** Work item **
Copy the listing below exactly, but skip the pictures.

** Collected data **
+---+
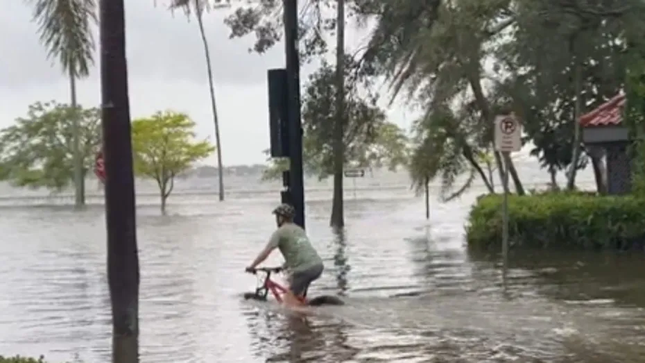 वीडियो को ट्विटर पर @policyscoop नाम के पेज से शेयर किया गया है। साथ ही कैप्शन में लिखा है- अधिकारियों की चेतावनियों के बावजूद, एक व्यक्ति आज सुबह 4 फीट से अधिक तूफ़ान के बीच बाढ़ में टेम्पा खाड़ी के आसपास अपनी साइकिल चलाने की कोशिश कर रहा है। वीडियो को खबर लिखे जाने तक 1.1 मिलियन लोगों ने देखा और 3 हजार लोगों ने लाइक किया है। वहीं, वीडियो के वायरल होते ही कमेंट सेक्शन में लोगों की प्रतिक्रियाओं की बाढ़ आ गई। कई लोगों ने बाढ़ के बीच शख्स को साइकिल से बाहर निकलते देख कहा कि लगता है गर्लफ्रेंड घर पर अकेली है और ये भाई साहब उसी से मिलने के लिए उसके घर जा रहे हैं।
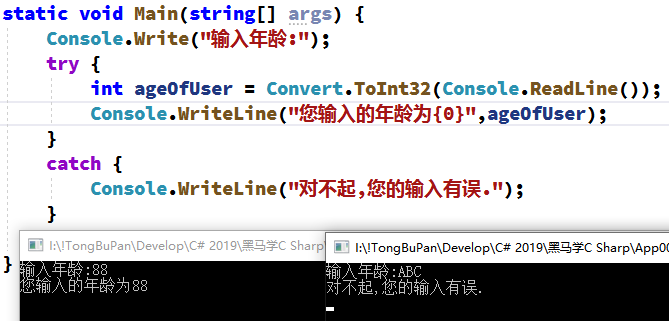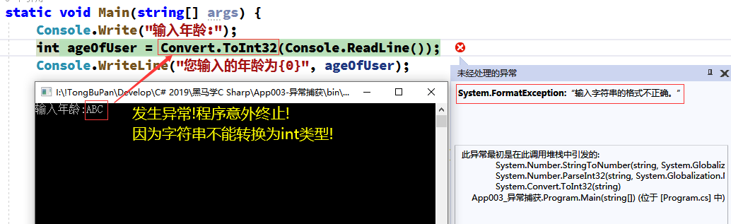 注意:Convert.ToInt32("string")本质上调用int.Parse("string")方法
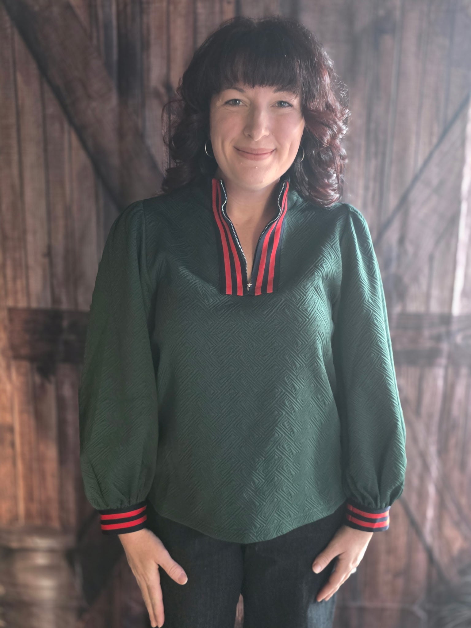 This hunter green knit long-sleeve top combines classic color with sporty detailing. Designed with a front zipper at the neckline, it features navy blue and red striped accents along the zipper border and at the sleeve cuffs for a bold, refined contrast. The knit construction offers comfortable warmth while maintaining a clean, polished look, making it a versatile piece that transitions effortlessly from casual wear to elevated everyday styling.
+---+
** Exercise result **
 वीडियो को ट्विटर पर @policyscoop नाम के पेज से शेयर किया गया है। साथ ही कैप्शन में लिखा है- अधिकारियों की चेतावनियों के बावजूद, एक व्यक्ति आज सुबह 4 फीट से अधिक तूफ़ान के बीच बाढ़ में टेम्पा खाड़ी के आसपास अपनी साइकिल चलाने की कोशिश कर रहा है। वीडियो को खबर लिखे जाने तक 1.1 मिलियन लोगों ने देखा और 3 हजार लोगों ने लाइक किया है। वहीं, वीडियो के वायरल होते ही कमेंट सेक्शन में लोगों की प्रतिक्रियाओं की बाढ़ आ गई। कई लोगों ने बाढ़ के बीच शख्स को साइकिल से बाहर निकलते देख कहा कि लगता है गर्लफ्रेंड घर पर अकेली है और ये भाई साहब उसी से मिलने के लिए उसके घर जा रहे हैं।
 注意:Convert.ToInt32("string")本质上调用int.Parse("string")方法
 This hunter green knit long-sleeve top combines classic color with sporty detailing. Designed with a front zipper at the neckline, it features navy blue and red striped accents along the zipper border and at the sleeve cuffs for a bold, refined contrast. The knit construction offers comfortable warmth while maintaining a clean, polished look, making it a versatile piece that transitions effortlessly from casual wear to elevated everyday styling.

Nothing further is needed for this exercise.